В бальном зале, где они практиковались в танцах, даже в самое жаркое время дня царила относительная прохлада — как и в комнате, которую Дуглас предложил использовать для уроков рисования. Порой казалось, что весь дом отдан в распоряжение Жанны с единственной целью сделать дочь Дугласа счастливой.
Маргарет оказалась не по годам развитым ребенком.
Окружающий мир вызывал у нее живейший интерес, а каждый день воспринимался как приключение. Она обладала способностями к языкам и легко запоминала итальянские фразы, которым научила ее Жанна. Самым большим ее увлечением, однако, являлось рисование, и было очевидно, что девочка талантлива. Маргарет требовалось больше, чем могла предложить Жанна, и она решила обсудить этот вопрос с Дугласом.
Интерес Дугласа к жизни дочери поражал. Он следил за ее диетой, упражнениями и планом уроков. Именно он высказал пожелание, чтобы Маргарет изучала греческий.
— При условии, что ты согласишься преподавать его, — добавил он. — Или латынь, если хочешь.
— По-твоему, это может пригодиться ей в жизни?
— А ты считаешь, что учить нужно только тому, что приносит конкретную пользу? Насколько я помню из твоих рассказов, твое образование нельзя было назвать практичным.
— Для монастыря, во всяком случае. — вырвалось у Жанны, прежде чем она успела придержать язык. — Я научилась независимости ума и духа, Дуглас, и выросла в убеждении, что мир полон добра и справедливости. Это не принесло мне ничего, кроме разочарований.
— Если любопытство заведет ее туда, куда не следует, мудрость поможет ей не наделать глупостей.
— Ты считаешь, что образование не может быть бесполезным? — уточнила Жанна.
Дуглас улыбнулся:
— Хороший учитель просто обязан так думать.
Она не ожидала от него такой широты взглядов. Дуглас явно не страдал предрассудками и не испытывал предубеждения относительно женского пола. Он ни разу не выразил разочарования или недовольства, что его единственный ребенок — девочка.

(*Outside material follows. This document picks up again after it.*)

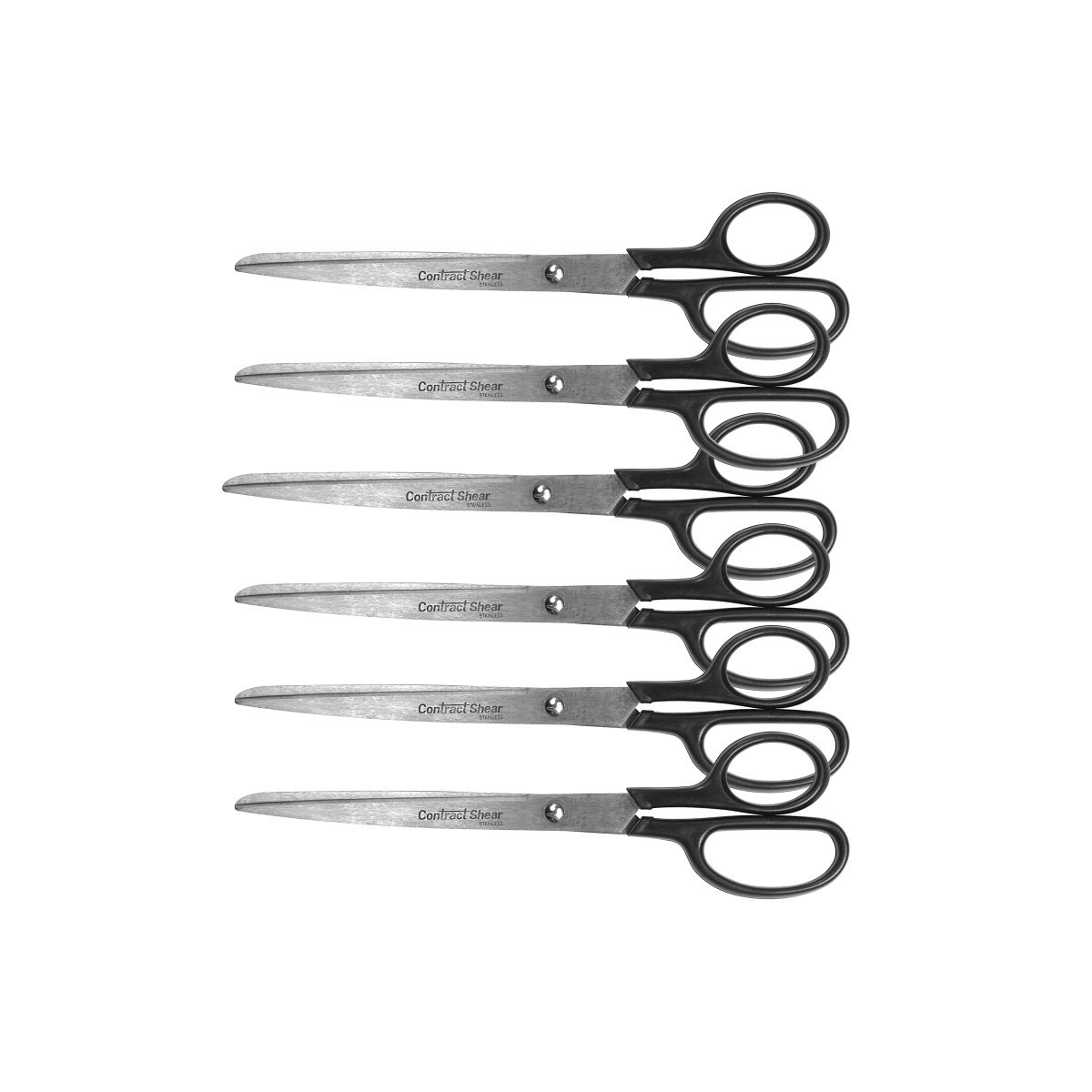 Westcott Stainless Steel Scissors feature lightweight black handles and 9" blades. For left or right-hand use. Perfect for light duty use, cutting through paper, ribbon and photos. Sold as a pack of 6.

Вдобавок у Жанны сложилось отчетливое впечатление, что Дуглас нанял гувернантку исключительно для того, чтобы способствовать образованию Маргарет, а не для того, чтобы повлиять на ее личность.
В отличие от отца Жанны, который занимался ее образованием, чтобы продемонстрировать собственный вкус и эрудицию, Дуглас считал Маргарет совершенством, которое нужно беречь и пестовать.

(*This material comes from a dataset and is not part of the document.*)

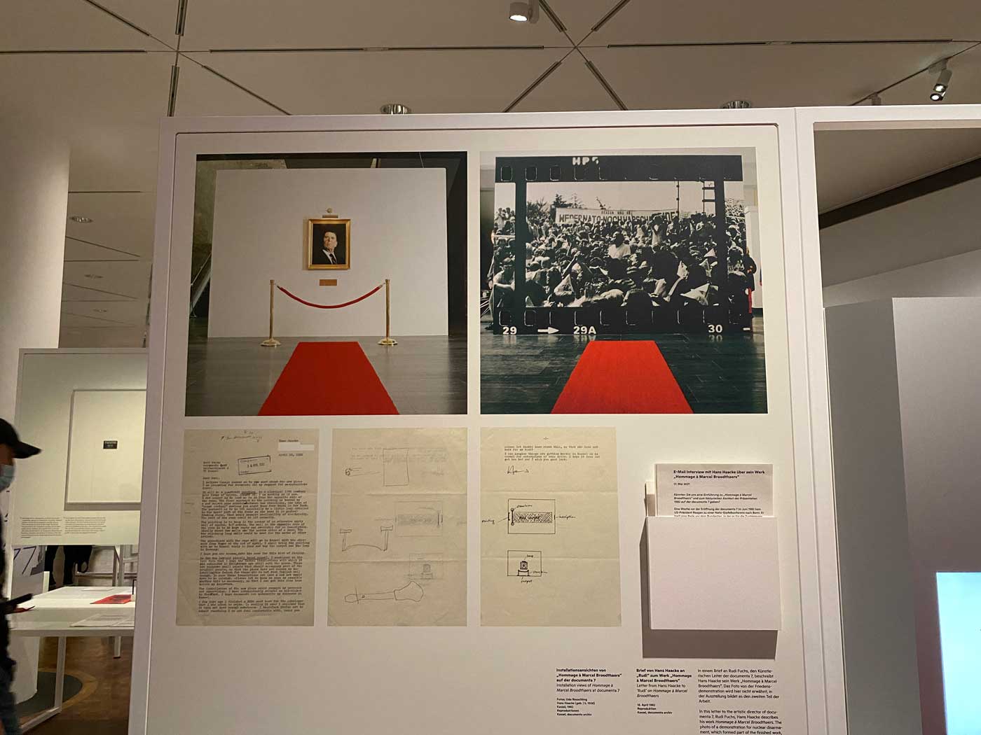 Een ander kunstwerk uit deze tijd is het werk “Hommage a Marcel Broodthaers” van Hans Haacke. Op een muur hangt een schilderij van Ronald Reagan en op de andere muur een foto van een demonstratie tegen de plannen om in Duitsland atoomwapens te plaatsen. Tussen beide objecten ligt op de vloer een rode loper.

Жанна не знала, какой окажется дочь Дугласа, но не ожидала такой ярко выраженной индивидуальности. Маргарет отличалась от Дэвиса, как бабочка от камня. Девочка оказалась на редкость сообразительной и все схватывала буквально на лету.

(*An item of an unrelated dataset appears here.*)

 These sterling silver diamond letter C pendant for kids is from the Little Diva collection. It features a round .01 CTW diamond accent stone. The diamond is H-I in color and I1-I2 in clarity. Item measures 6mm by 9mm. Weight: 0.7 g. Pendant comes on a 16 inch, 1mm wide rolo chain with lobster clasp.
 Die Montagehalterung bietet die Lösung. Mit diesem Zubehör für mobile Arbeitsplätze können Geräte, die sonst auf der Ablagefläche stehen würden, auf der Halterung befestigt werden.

Сегодня они изучали историю империи — предмет, столь же новый для Жанны, как и для Маргарет. Ни одна из них не испытывала особого интереса к этой теме, являвшейся тем не менее обязательной частью образования ребенка.
Жанна сидела за небольшим письменным столом в классной комнате, а Маргарет расположилась за столиком напротив. Лил дождь, и Жанна распахнула оба окна, чтобы впустить свежий воздух, а также открыла дверь, так что по комнате гуляли сквозняки. Но время тянулось медленно из-за явного равнодушия учительницы и ученицы к предмету занятий.
— Как вы думаете, мисс дю Маршан, Бога можно увидеть? — спросила вдруг Маргарет. Подперев рукой подбородок, она смотрела в окно. На затянутом облаками небе не было ни проблеска. Казалось, дождь будет лить весь день.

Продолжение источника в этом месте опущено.